The three-body problem is a classical physics problem that asks: "Given the initial positions and velocities of three point masses, predict their subsequent motion according to Newton's laws of motion and universal gravitation." While no general solution exists for arbitrary initial conditions, specific solutions like the figure-8 orbit have been discovered.



The figure-8 orbit was first discovered numerically by physicist Christopher Moore in 1993 and later proven mathematically by Alain Chenciner and Richard Montgomery.



## Implementation Details



This simulation implements:



- **Newtonian Gravitational Physics**: Each body applies gravitational force on the others according to Newton's universal law of gravitation.

- **Velocity Verlet Integration**: For numerical stability in the orbital calculations.

- **Trail Visualization**: Each body leaves a colored trail showing its path over time, making the pattern clearly visible.

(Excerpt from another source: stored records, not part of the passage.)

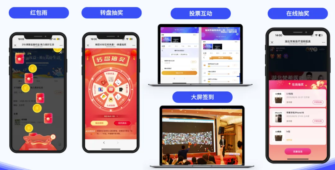 ✅现场互动:映目内置500+互动功能,支持主办方灵活配置互动墙、红包雨、幸运抽奖、实时问卷调研等模块,活跃现场氛围,显著延长用户停留时长,提升品牌曝光与信息触达效率。
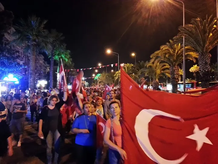 (Karsiyaka, Izmir. 11 juni, 2013. Copyright: Michael van der Galien / De Dagelijkse Standaard. Ook hier: er wordt nog maar weinig gelachen. De sfeer is grimmig.)
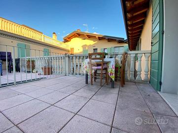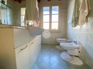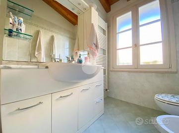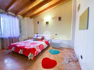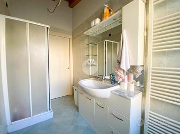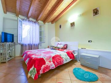 L'intera soluzione è caratterizzata dal soffitto con travi a vista, impianto di riscaldamento autonomo a radiatori e climatizzazione.
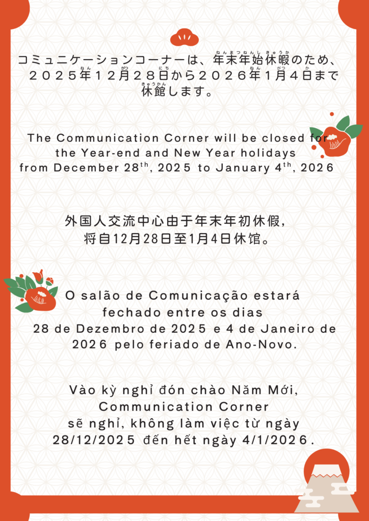 - 【Closure for Year-end and New Year holidays at the Communication Corner】【外国人交流中心的年末年初休息通知】【Salão de Comunicação estará fechado durante feriados de final e início de ano】【Lịch nghỉ Tết Dương lịch của Communication Corner】【コミュニケーションコーナーの年末年始(ねんまつねんし)休(やす)み】
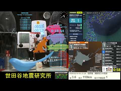 2026/02/14 5:37:26 釧路地方中南部で地震 ・最大震度1 ・マグニチュード3.6 ・深さ110km Earthquake hits central and southern Kushiro region Japan M3.6 ★発生時の記録映像は↓こちらより youtu.be/7oLpuJxUMog #地震 #緊急地震速報 #earthquake
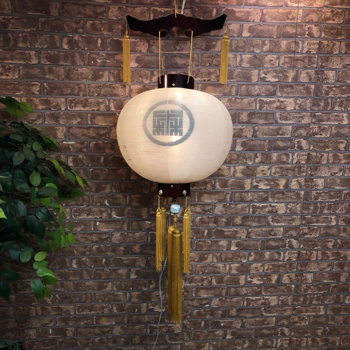- H3031 家紋入り提灯 絹 桜 御殿丸 15号 二重 白紋天 やぶれ有り

- **OpenGL Visualization**: The simulation is rendered using GLFW and OpenGL for smooth, real-time graphics.



## Technical Features



### Gravitational Physics



The simulation uses the gravitational formula:



```

F = G * (m₁ * m₂) / r²

```



Where:

- G is the gravitational constant

- m₁ and m₂ are the masses of two bodies

- r is the distance between the bodies



### Initial Conditions



The figure-8 orbit requires very specific initial conditions. The simulation uses the following normalized values:



- Three bodies of equal mass

- Initial positions: 

  - Body 1: (-0.97000436, 0.24308753)

  - Body 2: (0, 0)

  - Body 3: (0.97000436, -0.24308753)

- Initial velocities:

  - Body 1: (0.4662036850, 0.4323657300)

  - Body 2: (-0.93240737, -0.86473146)

  - Body 3: (0.4662036850, 0.4323657300)



These values are then scaled to fit the screen and produce a visible simulation.



### Trail Visualization



Each body leaves a colored trail:

- Body 1: Red trail

- Body 2: Green trail

- Body 3: Blue trail



## Building and Running



### Prerequisites



- C++ compiler

- CMake

- GLFW3 library

- OpenGL



### Build Instructions



```bash

# Clone the repository

git clone https://github.com/yourusername/figure8-orbit-sim.git

cd figure8-orbit-sim



# Build the project

mkdir build && cd build

cmake ..



# Run the simulation

make run

```



## Future Improvements



- User controls to adjust simulation parameters

- Addition of more celestial bodies

- Support for different orbital configurations

- Camera controls to zoom in/out and pan



## References



1. Chenciner, A., & Montgomery, R. (2000). A remarkable periodic solution of the three-body problem in the case of equal masses. *Annals of Mathematics*, 152(3), 881-901.

2. Moore, C. (1993). Braids in classical dynamics. *Physical Review Letters*, 70(24), 3675-3679.

3. Šuvakov, M., & Dmitrašinović, V. (2013). Three classes of Newtonian three-body planar periodic orbits.